Sie verließen die Stadt mit Kurs auf La Rochelle, wo die Victoire ins Dock ging, da die Handelsschiffe noch bei Weitem nicht bereit waren. Misson, dem es nicht behagte, so lange Zeit untätig zu bleiben, schlug seinem Freund vor, an Bord der Triumph zu kreuzen, die auf dem Weg in den Englischen Kanal war; der Italiener stimmte dem Vorschlag bereitwillig zu.

Zwischen der Guernsey-Insel und Start Point stießen sie auf die Mayflower unter dem Kommando von Kapitän Balladine, ein Handelsschiff mit achtzehn Kanonen, reich beladen und auf dem Heimweg von Jamaika. Der Kapitän der Engländer bot mutigen Widerstand und verteidigte sein Schiff so lange, dass die Franzosen es nicht in einen Hafen schleppen konnten, weshalb sie sich mit dem Geld und den wertvollsten Gegenständen begnügten, die sie aus ihm zutage fördern konnten. Da das Schiff mehr Wasser aufnahm, als die Pumpen wieder abführen konnten, gingen die Engländer von Bord und sahen ihr Schiff in weniger als einer Stunde untergehen. Monsieur le Blanc, der französische Kapitän, empfing Kapitän Balladine äußerst zuvorkommend und ließ nicht zu, dass er oder seine Mannschaft geplündert würden.
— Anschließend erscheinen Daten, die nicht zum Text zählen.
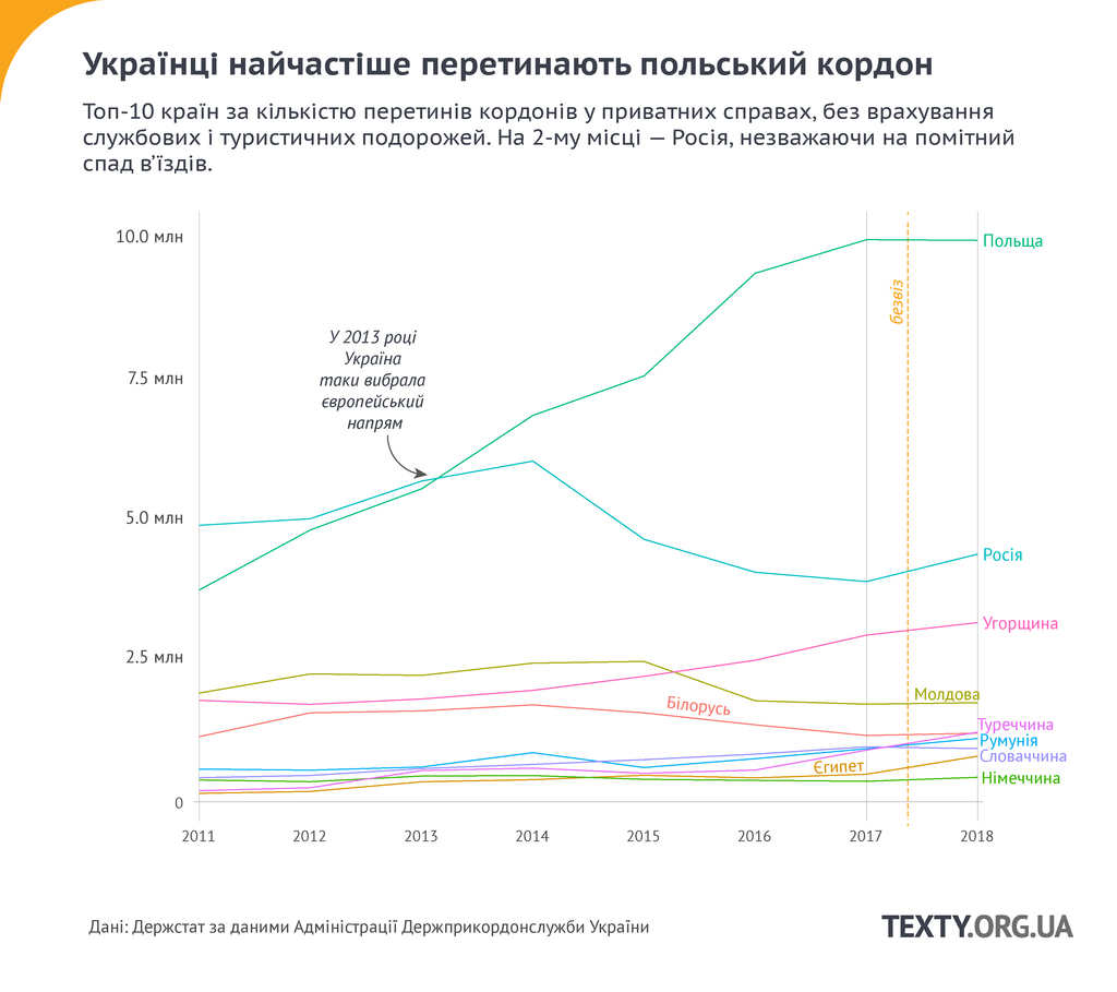 Найчастіше наші громадяни їдуть до Польщі, Угорщини, Румунії, Словаччини, Італії і Німеччини. Кордони

Denn, so erklärte er, nur Feiglinge sollten so behandelt werden; tapfere Männer sollten ihresgleichen als Brüder behandeln, auch wenn sie Gegner seien; und es sei eine Rache, die nur von Feiglingen begangen werde, einen edlen Mann, der seine Pflicht tut, übel zu behandeln. Er befahl, dass die Gefangenen ihre Truhen behalten dürften, und als einige seiner Männer daraufhin murrten, erinnerte er sie an die Großherzigkeit des Monarchen, dem sie dienten. Sie seien weder Piraten noch Freibeuter, und als tapfere Männer sollten sie ihren Gegnern ein Beispiel geben, dem diese gern folgten. Und ihre Gefangenen sollten sie so behandeln, wie sie selbst behandelt werden wollten.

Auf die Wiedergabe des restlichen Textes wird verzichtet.